Affirmation shared and relaunched by Giovanni Valotti, president of Utilitalia, which recalls the "50 billion investments already planned and included in the plan" by the 500 member companies (mainly municipal and former municipal companies such as A2A). “It is not a problem of funding but of speeding up permits”.

The Manager of the Year award, assigned by the MUI magazine of which he is editor Andrea Gilardoni, professor at Bocconi University and president of Agici, this year it happened in the midst of the earthquake caused by the Coronavirus pandemic and the collapse in crude oil prices. How much will all this impact on the rapidly changing electricity sector? The crisis could speed up the energy transition – including through the European New Green Deal – while new scenarios open up with the entry of players arriving from other sectors but attracted by the growing business opportunities, new protagonists of the great energy chess game. The competitive pressure on “traditional” operators is increasing, those who have always made electricity their core business.

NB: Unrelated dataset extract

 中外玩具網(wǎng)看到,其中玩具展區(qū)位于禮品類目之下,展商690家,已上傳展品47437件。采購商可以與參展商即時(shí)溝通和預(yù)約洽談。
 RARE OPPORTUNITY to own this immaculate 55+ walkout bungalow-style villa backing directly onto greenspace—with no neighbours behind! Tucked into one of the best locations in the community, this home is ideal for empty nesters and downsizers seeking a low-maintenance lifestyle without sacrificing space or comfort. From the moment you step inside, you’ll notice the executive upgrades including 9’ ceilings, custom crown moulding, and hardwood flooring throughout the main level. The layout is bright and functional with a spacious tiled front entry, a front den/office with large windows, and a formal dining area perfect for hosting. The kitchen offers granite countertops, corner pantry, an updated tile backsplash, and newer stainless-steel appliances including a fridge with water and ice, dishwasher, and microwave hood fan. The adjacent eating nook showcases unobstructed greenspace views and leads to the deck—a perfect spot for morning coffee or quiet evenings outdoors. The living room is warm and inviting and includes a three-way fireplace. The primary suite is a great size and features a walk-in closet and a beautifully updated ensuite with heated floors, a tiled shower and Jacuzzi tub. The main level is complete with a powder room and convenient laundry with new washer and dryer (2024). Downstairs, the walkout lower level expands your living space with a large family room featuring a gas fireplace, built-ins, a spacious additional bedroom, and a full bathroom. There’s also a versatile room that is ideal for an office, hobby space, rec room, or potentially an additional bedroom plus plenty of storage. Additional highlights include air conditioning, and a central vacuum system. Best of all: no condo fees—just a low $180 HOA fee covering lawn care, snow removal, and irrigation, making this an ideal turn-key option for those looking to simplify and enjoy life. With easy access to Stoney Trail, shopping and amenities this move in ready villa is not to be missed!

Except that even electricity is no longer what it used to be, technology is transforming its functions and potential. That's why new doors open and new competitors enter. It is a transformation that has already been underway for some years but which has now taken on greater strength and visibility according to what has been documented by the research "Utilities and new entrants in the energy sector between cooperation and competition" curated by Marco Carta and Michele Perotti, respectively CEO and Senior analyst at Agici Finanza d'Impresa, the think tank focused on utilities and infrastructures.

Car manufacturers like Volkwagen and Testhe offering electric services, major oil companies such as Shell who want to steer away from crude oil in evident structural crisis to gas&power, startups and innovative companies that are sucked into oil (such as Evolvere acquired by Eni): there is no shortage of decanting. “The ongoing technological evolution makes the bulkheads between one sector and another porous. We will understand in the next five years where the new frontier is and where it has moved“, says Francesco Starace who is far from worried about the expansion of the market. “The demand for energy continues to grow – he explained – but the demand for electricity is growing at a double pace. This confirms that we are moving towards an ever greater electrification of consumption".

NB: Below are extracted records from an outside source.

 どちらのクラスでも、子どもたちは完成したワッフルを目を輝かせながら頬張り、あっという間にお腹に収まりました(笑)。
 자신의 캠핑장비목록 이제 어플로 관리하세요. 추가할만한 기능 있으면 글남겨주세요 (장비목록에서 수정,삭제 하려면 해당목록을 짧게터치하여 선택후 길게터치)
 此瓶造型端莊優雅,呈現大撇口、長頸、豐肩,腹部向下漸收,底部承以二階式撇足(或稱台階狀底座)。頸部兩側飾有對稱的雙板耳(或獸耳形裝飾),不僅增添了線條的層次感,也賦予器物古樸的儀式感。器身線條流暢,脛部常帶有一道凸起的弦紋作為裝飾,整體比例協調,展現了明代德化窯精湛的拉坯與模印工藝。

According to the CEO of Enel,” the competition is between sectors rather than between players“. In other words, it's not so much about Volkswagen versus Enel as it is about fossil energy versus renewables. And so if Eni buys Evolvere, Shell buys Sonnen, digital giants such as Google, Amazon, Microsoft use Trojan horses to enter the new and promising electricity market, this demonstrates that "the sector is capable of producing value". What role can gas play? It can represent a transition towards decarbonisation, provided that the commodity is "stable and non-volatile" like oil today.